Do you know your ABC?

Most Irish co-ops pay for milk on an A + B – C basis, where A is the price paid per kilogram of protein, B is the price paid per kilogram of fat and C is a processing cost deduction.

Teagasc, in its latest newsletter, has outlined how the payment system works for the average dairy farmer.

Table 1 details the calculation of milk price for two farmers who have supplied 50,000 litres of milk in April 2014 with different constituent levels. Farmer A supplied 62kg additional protein and 217kg additional fat in the same volume of milk.

ABC table
Source:Teagasc

Teagasc says this was worth €507 and €773 respectively in additional milk revenue. Protein is the most valuable constituent and the ratio of protein to fat value is 2.3:1 in mthe table below. The ratio of protein to fat values differ between milk processors and will depend on your milk processor’s product mix.
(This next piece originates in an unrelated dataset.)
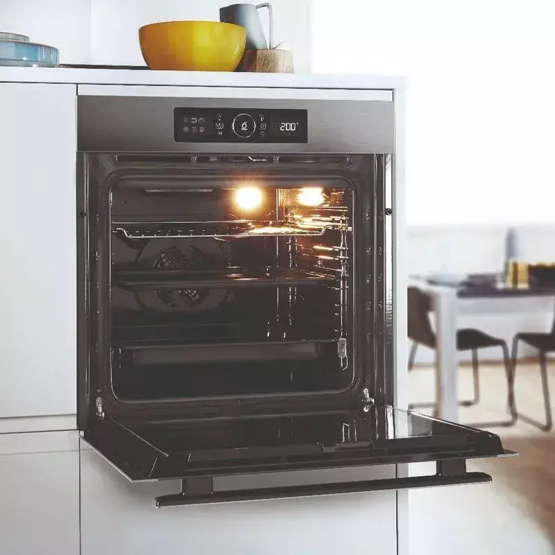 Cierre en cámara lenta. Gracias a las bisagras de cierre lento, la puerta del horno se cierra sin esfuerzo, con un movimiento suave y silencioso.

Teagasc stresses that it is important that farmers know what their processor is paying per kg of fat and protein – this information should be printed on your milk statement.
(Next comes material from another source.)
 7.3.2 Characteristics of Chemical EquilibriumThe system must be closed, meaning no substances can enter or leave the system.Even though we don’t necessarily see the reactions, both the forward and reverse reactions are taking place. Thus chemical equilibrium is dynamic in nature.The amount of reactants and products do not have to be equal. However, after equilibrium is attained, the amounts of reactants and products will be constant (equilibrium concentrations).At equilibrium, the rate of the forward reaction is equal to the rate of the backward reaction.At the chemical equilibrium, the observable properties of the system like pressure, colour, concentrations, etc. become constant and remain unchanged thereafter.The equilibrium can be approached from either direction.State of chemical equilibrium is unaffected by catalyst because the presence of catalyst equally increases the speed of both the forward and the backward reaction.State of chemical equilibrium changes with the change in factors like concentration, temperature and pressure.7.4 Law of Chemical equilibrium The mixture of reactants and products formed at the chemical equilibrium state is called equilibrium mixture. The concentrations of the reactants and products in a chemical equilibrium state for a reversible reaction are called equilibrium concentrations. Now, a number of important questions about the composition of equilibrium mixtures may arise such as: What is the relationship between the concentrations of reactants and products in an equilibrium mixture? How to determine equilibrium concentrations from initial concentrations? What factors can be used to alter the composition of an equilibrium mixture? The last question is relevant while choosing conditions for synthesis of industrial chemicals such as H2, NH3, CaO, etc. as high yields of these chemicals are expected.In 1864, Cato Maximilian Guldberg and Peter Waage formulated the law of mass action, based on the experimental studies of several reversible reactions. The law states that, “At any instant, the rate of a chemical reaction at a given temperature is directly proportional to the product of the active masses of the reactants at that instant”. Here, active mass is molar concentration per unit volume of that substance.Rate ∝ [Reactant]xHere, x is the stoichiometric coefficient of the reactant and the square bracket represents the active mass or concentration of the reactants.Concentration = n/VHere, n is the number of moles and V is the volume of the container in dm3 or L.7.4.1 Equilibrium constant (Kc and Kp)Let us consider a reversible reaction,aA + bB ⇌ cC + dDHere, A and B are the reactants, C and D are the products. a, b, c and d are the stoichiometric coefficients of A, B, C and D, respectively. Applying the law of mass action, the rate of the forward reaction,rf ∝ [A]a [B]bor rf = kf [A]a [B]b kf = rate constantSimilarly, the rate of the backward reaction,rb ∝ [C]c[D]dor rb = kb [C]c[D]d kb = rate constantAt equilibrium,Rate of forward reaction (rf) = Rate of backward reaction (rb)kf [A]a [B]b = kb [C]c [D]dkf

It notes the while milk price has been at historically high levels for the last number of months, it is worth remembering that the first defence against the risk of low milk price is to ensure that you are maximising your milk price.
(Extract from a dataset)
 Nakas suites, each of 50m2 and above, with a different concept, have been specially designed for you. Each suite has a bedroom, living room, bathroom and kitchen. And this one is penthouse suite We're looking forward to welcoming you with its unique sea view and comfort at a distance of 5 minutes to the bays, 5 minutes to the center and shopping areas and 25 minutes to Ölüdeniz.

Teagasc researchers, Laurence Shalloo and Una Geary, have shown that dairy farmers have a significant ability to increase their milk receipts by increasing milk solids’ concentration (more kilograms in the same volume), producing milk with an optimum supply profile (earlier and more compact calving pattern) and improving milk quality (lower SCC levels).

Genetics, replacement rate and management will drive improvements in the first three items while your milking routine will have a big impact on the final item listed. Dairy farmers must ask themselves how committed they are to making improvements in these four areas.

Teagasc tips to improve cash flow during May are:

  • aim to cut high quality silage so as to nreduce the requirement for concentrates next winter;
  • remove surplus paddocks for baling once cover per LU exceeds 200kg DM/LU;
  • minimise drop in weekly milk production and maximise milk protein content by ensuring that cows are offered high quality grass at all times – pre-grazing yields of 1,200 – 1,500kg DM/Ha.